Set down every line of the data exactly, skipping the pictures.
──────── Dataset extract
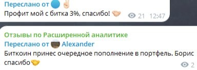 🟢 Это отзывы из группы "Расширенная аналитика". У большинства с последних двух сделок по S&P500 и биткойну подписка отбилась на год. Стоимость всего 83 руб в день. 🚗 В канал "Расширенная аналитика" Вы можете вступить через бота: @Bogdanoffinvestbot ☺️ Промокод MIGA дает 15% скидки! Если оплаченная подписка уже есть, то при новой оплате, дни будут суммироваться.
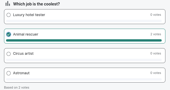 - Polls are nearly ready! If you enable this feature in labs, you can create a poll with several options, and people can vote on it.
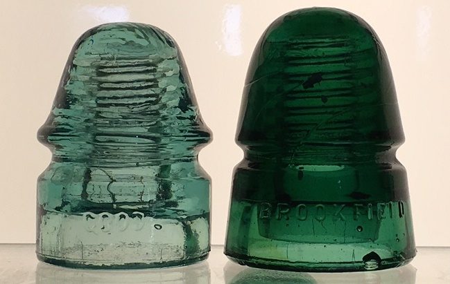 On left is a nice aqua 134 Good. VVNM and comes with one small dot below the "GOOD". $8 & $10 postage. On right is a 145 Brookfield in a very nice yellow green color. Comes with some small white rocks and is VVNM as well. "XO" on dome. $15 and $10 postage. In interested in the pair take them for $20 & $10 postage. USPS US addresses (Canada OK but postage will be at cost). PP fine but please use the no fee option otherwise check/MO is fine. Thx! |
────────────────
=== Exercise answer ===
 🟢 Это отзывы из группы "Расширенная аналитика". У большинства с последних двух сделок по S&P500 и биткойну подписка отбилась на год. Стоимость всего 83 руб в день. 🚗 В канал "Расширенная аналитика" Вы можете вступить через бота: @Bogdanoffinvestbot ☺️ Промокод MIGA дает 15% скидки! Если оплаченная подписка уже есть, то при новой оплате, дни будут суммироваться.
 - Polls are nearly ready! If you enable this feature in labs, you can create a poll with several options, and people can vote on it.
 On left is a nice aqua 134 Good. VVNM and comes with one small dot below the "GOOD". $8 & $10 postage. On right is a 145 Brookfield in a very nice yellow green color. Comes with some small white rocks and is VVNM as well. "XO" on dome. $15 and $10 postage. In interested in the pair take them for $20 & $10 postage. USPS US addresses (Canada OK but postage will be at cost). PP fine but please use the no fee option otherwise check/MO is fine. Thx! |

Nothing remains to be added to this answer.